Flash forward to today. I’m in Nottingham now, sitting in the uni café waiting to meet one of my MA teachers about doing a PhD (a PhD!!!!!!!). The application itself is several thousand words of work and I have deadlines coming up, too. Things aren’t perfect, though I’d have loved to finish this post off with ‘and they lived happily ever after’…


I miss home, more than I ever thought I would. My mum is an absolute soldier of a woman and I feel a little uneasy that she and Julian are over 100 miles away from me. My brother is struggling to manage his time just as I am, and it pains me that I can’t continue to be his best friend from here, at least not very effectively. I’m fortunate that he has Britt.

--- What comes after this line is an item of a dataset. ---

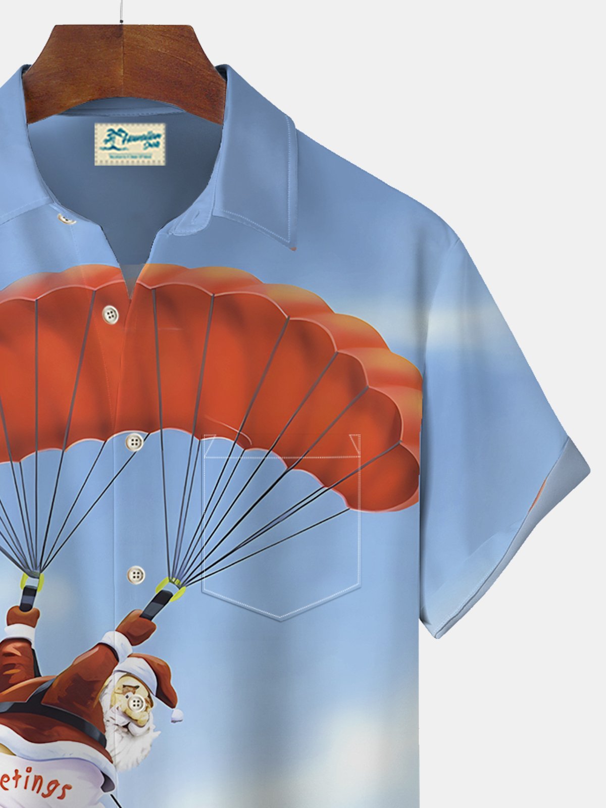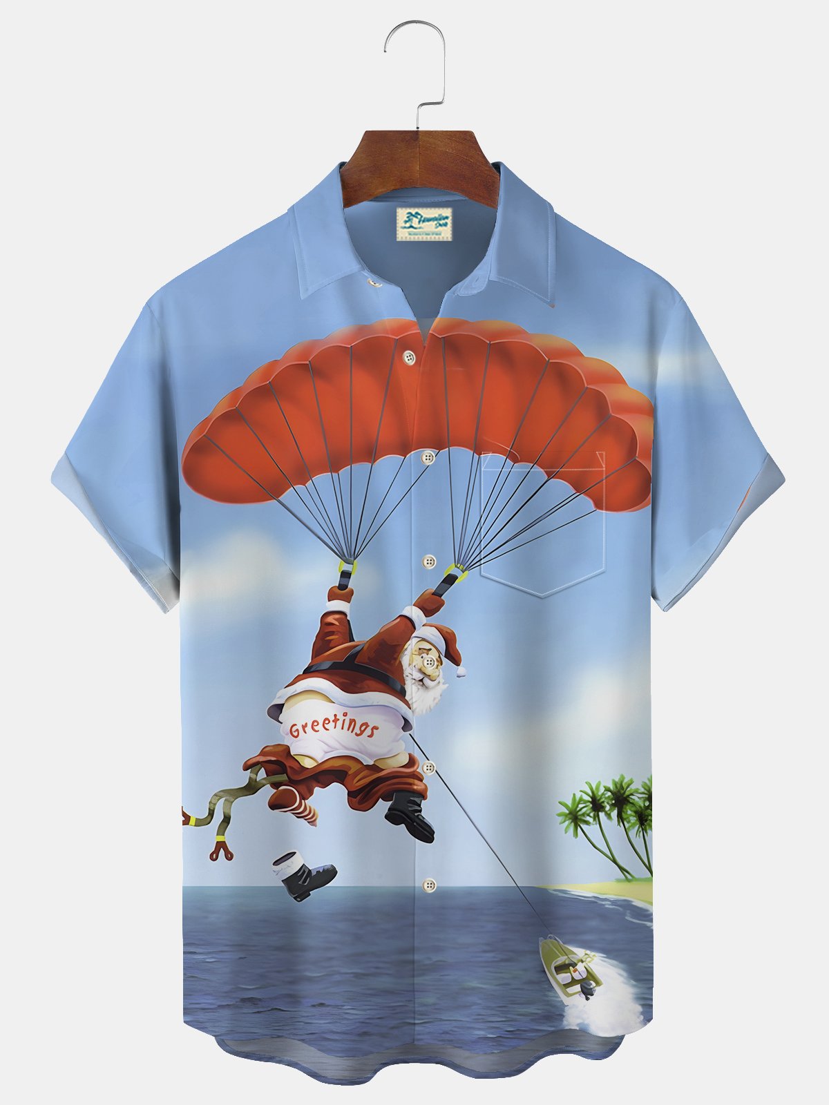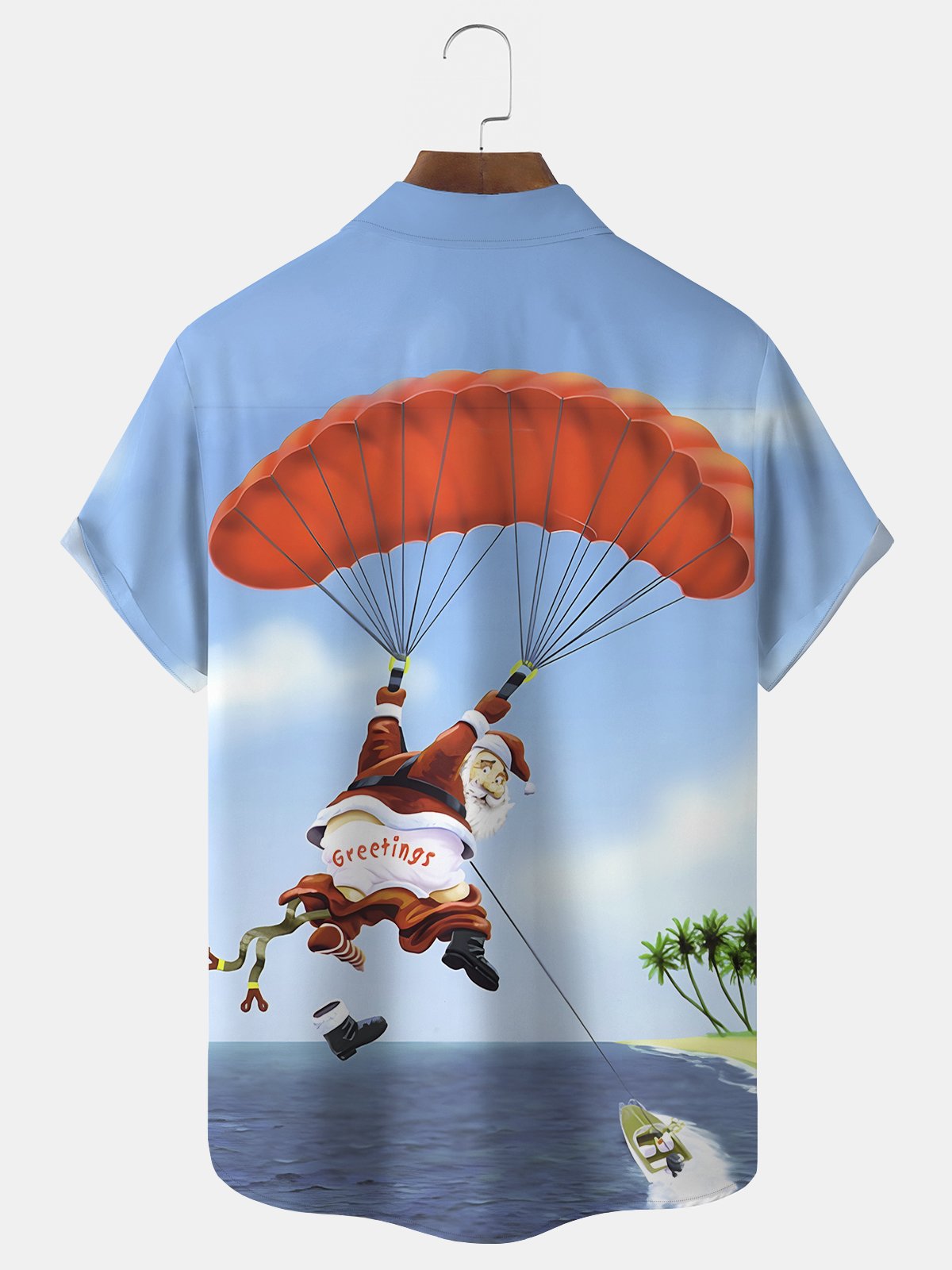 Alohadaddy Summer Christmas Santa Print Beach Men's Hawaiian Oversized Shirt with Pockets
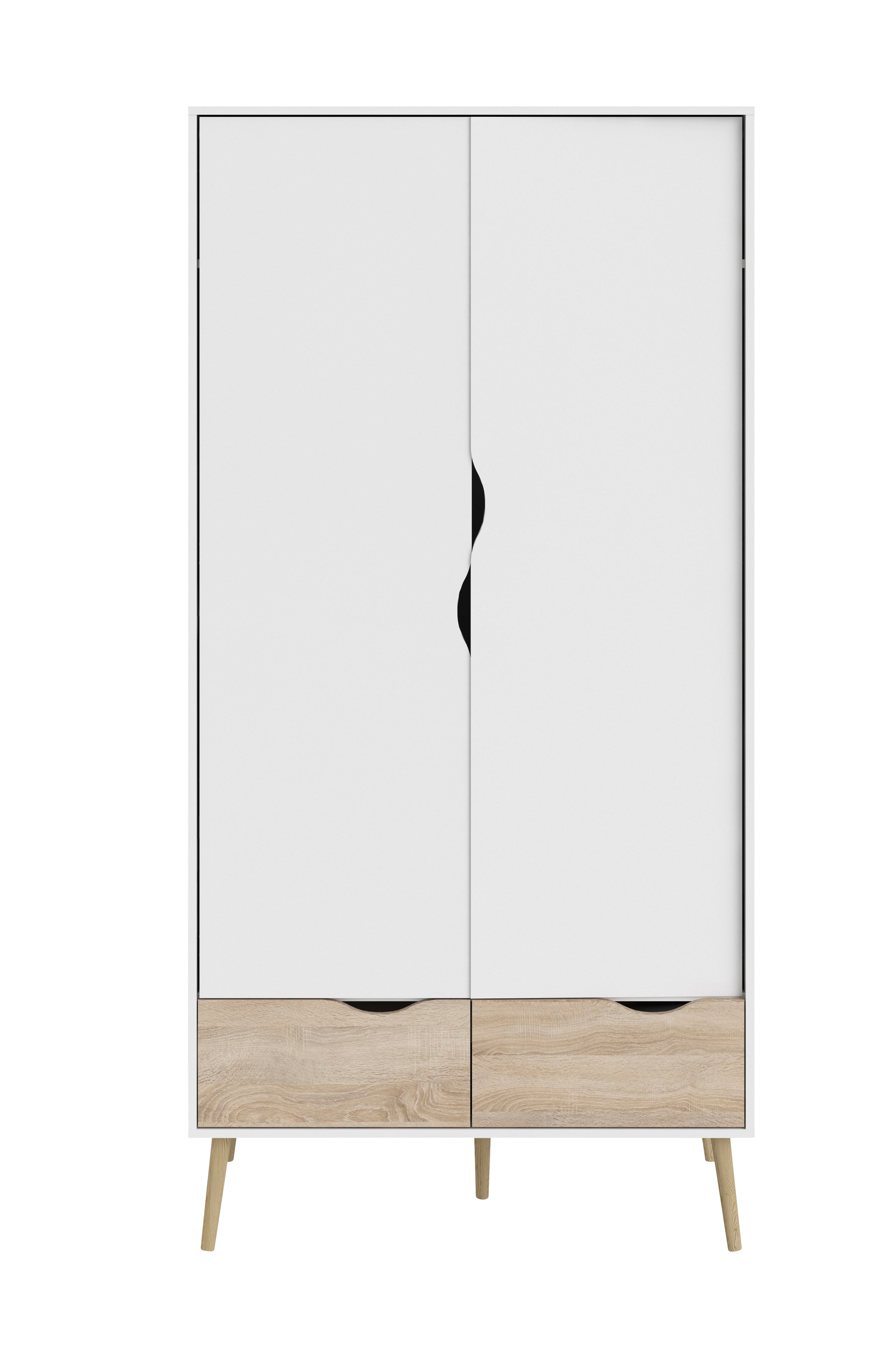 Denna moderna garderob med två dörrar och två lådor kan bli nästa fantastiska tillskott i ditt sovrum! Garderoben har runda ben som kompletterar denna nytolkning av design från 1950-talet, medan dörrarna och lådorna har utskurna handtag. Bakom de två dörrarna finns en övre hylla och en klädstång som ger gott om plats för dina kläder och andra accessoarer. Och de två lådorna längst ner passar perfekt för t-shirts, tröjor och byxor.

And, well, whenever I ring grandad he asks if I’ll come home. He counts days on his calendar until the next time I’ll see him. He pleads with me to not do my doctorate so that I can move back. I put off phoning him some days because I don’t feel strong enough to say no anymore and I’m worried I’ll just get in the car and go to him. It isn’t his fault, he’s just old. I miss him just as much as he misses me and will try my best to move home next year.


At the moment, Joel works full time (and more) at a primary school and I’m juggling three jobs, housework, uni work and PhD applications. Money is tight (which is a disgrace because a full-time job, part time jobs and student loans should be more than enough to survive). Joel’s football is becoming more serious which is great, but it means we see each other very little – maybe two evenings a week. I’m on my own a lot. It’s hard, I won’t pretend it isn’t, but I’m told life is a constant learning curve, aka an uphill battle...


I came here because I wanted to be a Master of English, but suddenly the stakes have gotten very high... Now I must master washing dishes, paying bills, driving across the country every fortnight, working a job in Clevedon and two in Nottingham, meeting deadlines, juggling relationships and getting accepted on to a PhD. I just can’t afford to drop a ball.


In the interest of ending on something positive, we recently adopted a gorgeous kitten, Tiger Lily, to keep me company and bring life and happiness to the house. She is playful and very very sweet; she follows me around and sits with me while I work on the laptop (a lot). I write a lot about the intrinsic value of non-human life in my essays so it feels weird to oversimplify it like this, but animals are the BEST.